GBRL was incorporated in November 2014 with the respondent as sole director and shareholder. The appellant claimed that, following his obtaining leave to remain (LTR) in the UK in May 2015, the parties met with their accountant, Dr. Sachdev, in mid-2015 and agreed that the appellant would receive 50% of the shares in GBRL. The respondent denied any such agreement, maintaining that only profit-sharing was discussed.
For years, the parties operated with extreme informality. The appellant managed the day-to-day operations, introduced business leads, and even made a payment of £39,000 into the company account. The company’s accountant even filed documents at Companies House at one stage showing the parties as joint shareholders. However, when the relationship soured in 2021, the respondent—who was illiterate and spoke limited English—maintained that he was the 100% owner. He argued that while he had agreed to share the profits of the business with the appellant as a form of salary, he had never agreed to give away half of the company itself. The trial Judge originally ruled against the appellant, finding that no such oral agreement existed. The appellant then took the case to the CoA.
Decision:
The CoA dismissed the appeal and upheld the original decision. The Justices noted that, in cases involving oral agreements, a witness's credibility is the most important factor. The appellant’s case was fatally undermined because his story shifted multiple times—changing the dates when the agreement supposedly started and offering contradictory accounts of whether he owned other side businesses exclusively or jointly. The Court found that the £39,000 payment was not definitive proof of a share purchase, as the company's ledgers had actually recorded it as a "loan" rather than a capital investment.
Ultimately, the Court ruled that the appellant had failed to prove his case on the "balance of probabilities," leaving the respondent as the sole owner of the business.
Implications:
This judgement carries significant implications for anyone entering into an informal business arrangement. The first and most critical lesson is that Companies House filings are not a substitute for a legal contract. Just because an accountant registers you as a shareholder does not mean a court will recognise that ownership if the underlying agreement is disputed. Moreover, if the "paperwork" was filled out based on one-sided instructions, it can be dismissed as a mere administrative error.

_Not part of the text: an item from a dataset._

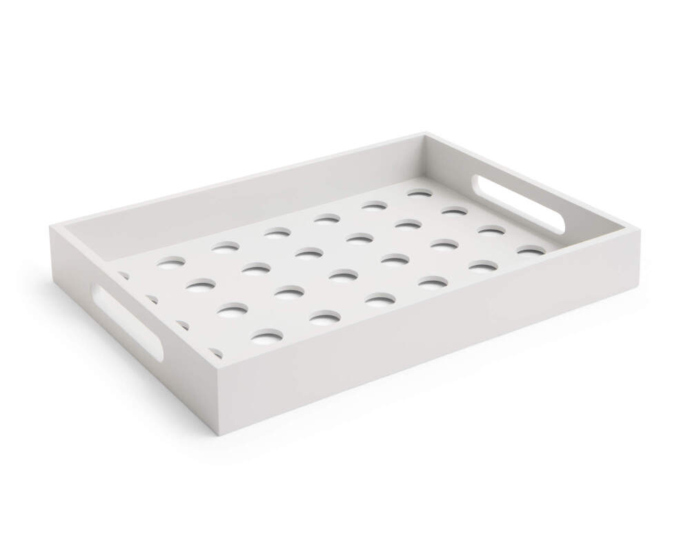 The Terrazza dot tray is a practical accessory designed for everyday use both indoors and outdoors. Its simple, functional form is complemented by a perforated base, raised edges and cut-out handles, making it easy to handle and carry.

Secondly, the case demonstrates the "credibility trap". If a dispute reaches court, a judge will scrutinise every letter, email, and witness statement you have ever sent. If your story changes even slightly over time, a judge may find your entire evidence "unreliable," making it almost impossible to win a claim based on a verbal promise. Finally, for those operating in multi-lingual environments, the case highlights the danger of using ambiguous terms. In this instance, the Punjabi word "sanja" (meaning "joint" or "together") was interpreted by the Court as a profit-sharing arrangement rather than a transfer of company equity. To protect your investment, every business partnership should be solidified with a formal Shareholders' Agreement that clearly defines the difference between earning a share of the profits and owning a share of the assets.